Alternatively, the InfoWorks built-in “Inference” function can be used to infer headloss coefficients automatically (Ku, user defined headloss factor) based on the storm sewer network layout angles (Figure 7). This headloss coefficient “Inference” function only works for “Normal” loss type and more details about its functionality can be found from InfoWorks online help documents.
An example headloss calculation is illustrated in Figure 8 which uses “Normal” loss type.
There are other types of headloss in InfoWorks in addition to “Normal” loss type for conduits. The “None” type means the program will not calculate headloss at US or DS end of a conduit. The “FHWA” type is to apply the loss method described in FHWA HEC-22 Section 18.104.22.168 FHWA Inlet and Access Hole Energy Loss (for more details refer to this post or this example problem). The other two headloss types are explained below with the focus on the differences from “Normal” loss type.
- “High” loss type
The “High” loss type is very similar to “Normal” loss except that the it usually employs a larger surcharge ratio loss coefficient which makes it suitable for poorly constructed manholes that are only benched to half pipe height. The built-in headloss coefficient “Inference” function does not work for this loss type.
- “Fixed” loss type
In the “Fixed” loss type, the surcharge ratio loss coefficient Ks and velocity coefficient Kv are always to be set as 1.0, no matter flow enters or exits a pipe. Therefore, the only factor matters is the user defined headloss coefficient Ku which is to be supplied in the conduit property editor (Figure 9). The built-in headloss coefficient “Inference” function does not work for this loss type either. A modeler needs to think about using other US/DS headloss coefficients such as 1.0/0.5, 1.0/0.1, or even 0.5/0.5, 0.5/0.1, if they make sense to your specific conditions, instead of always sticking with 1.00 and 1.00.

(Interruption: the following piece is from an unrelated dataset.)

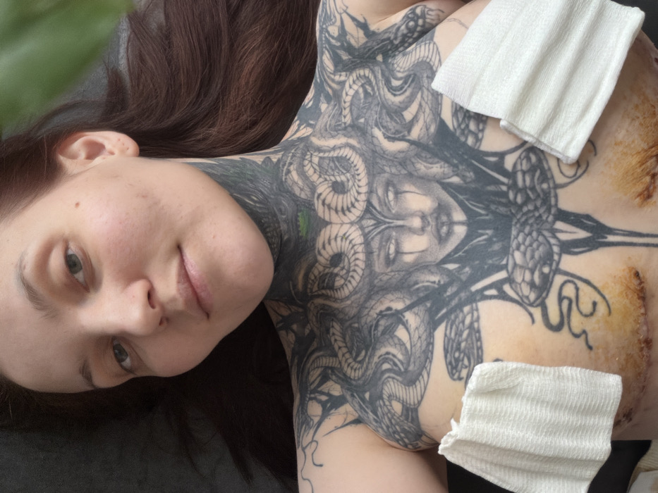 A woman with long brown hair is lying down. She has fair skin and is looking at the camera. Her upper chest and neck are covered in a large, detailed tattoo of Medusa with snakes. There are two white gauze pads on her chest covering areas with healing wounds. The background is a dark grey/green color.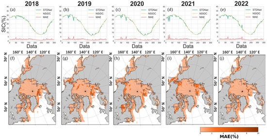 Performance of model test set: (a–e) 2018–2022 single-day, non-terrestrial, grid-averaged SIC true values (NSIDC); STDNet predicted values; and MAE. (f–j) 2018–2022 average spatial distribution of MAE of SIC predicted by STDNet.

- “User Defined” loss type
“User Define” loss type allows a modeler to specify the surcharge ratio loss coefficient Ks and velocity coefficient Kv in a tabular format. To enable this loss type method, first open the link grid window and enter a user defined loss type name (Figure 10); right click it to open its properties window (Figure 11). Two tables are needed to define Ks and Kv (Figure 12). Last, the modeler needs to select the user defined loss type name and provide Ku for US headloss coefficient and DS headloss coefficient in the conduit property editor window (Figure 10).